One of the distinguishing characteristics of the Austrian school
throughout the development of modern macroeconomics was
its structure of production framework and capital theory. Building
on Menger’s (2007 [1871]) insights regarding the categorization
of goods as “higher order” or “lower order,” Böhm-Bawerk (1930
[1889]) presented a structure of production theory based upon
the roundaboutness of production processes and recognized time
preference as a factor in determining the interest rate and economic
growth. Mises (2009 [1912]) used these insights among others to
sketch a capital and monetary based business cycle theory and later
contributed to the pure-time-preference theory of interest (Mises, 2008
[1949]). Hayek (2008 [1931]) made notable contributions to capital and business cycle theory, including a graphical representation of
the structure of production that could show both sustainable and
unsustainable growth, which he subsequently attempted to further improve (Hayek, 2012 [1941]). Rothbard (2009 [1962]) synthesized
this entire system traceable to Böhm-Bawerk through his “development of a capital and interest theory that integrated the temporal production-structure analysis of Knut Wicksell and [F.A] Hayek
with the pure-time-preference theory expounded by Frank A. Fetter
and Ludwig von Mises” (Salerno, 2009, p. xxvii). Using the ideas of earlier Austrian theorists as well as adding his own contributions,
Rothbard presented the relationship between the interest rate and
the proportion between consumption and investment in the clearest
and most logically deduced manner as well as the capital-based
growth that underlies Austrian macroeconomics.

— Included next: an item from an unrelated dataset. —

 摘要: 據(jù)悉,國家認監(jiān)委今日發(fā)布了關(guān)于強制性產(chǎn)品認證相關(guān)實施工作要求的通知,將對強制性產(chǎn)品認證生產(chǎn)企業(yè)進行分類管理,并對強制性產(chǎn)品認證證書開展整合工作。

The basic growth scenario entails a fall in time preference, which is
represented by a decrease in consumption spending and an increase
in investment spending. The additional investment funds are spent
on higher order goods, and increase the number of production stages to reflect the lower natural rate of interest. The opposite occurs for
an increase in time preferences. Graphically, the change in time preference is generally visualized as a movement in the supply curve
along a constant demand curve in the loanable funds market, which
implies a similar shift in the overall time market (Skousen, 2007, p.

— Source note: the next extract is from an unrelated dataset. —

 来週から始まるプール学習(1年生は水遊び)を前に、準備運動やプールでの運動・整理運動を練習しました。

233; Garrison, 2006, p. 62). This capital-based growth is fundamental
to all current Austrian macroeconomics since it provides the basis
for the generalizations made about the capital structure and time
preference, mainly, that the proportion of present consumption
spending to investment (future consumption) spending is systematically related to the interest rate through time preference. In other
words, changes in time preferences are embodied in changes in
both as
“the time preferences of the individuals on the market determine
simultaneously and by themselves both the market equilibrium interest
rate and the proportions between consumption and savings (individual and aggregate).” (Rothbard, 2009, p. 400).
—Patrick Newman, “Rothbard's Time Market and the Demand for Present Goods,”
Quarterly Journal of Austrian Economics 17, no. 1 (Spring 2014): 47-48.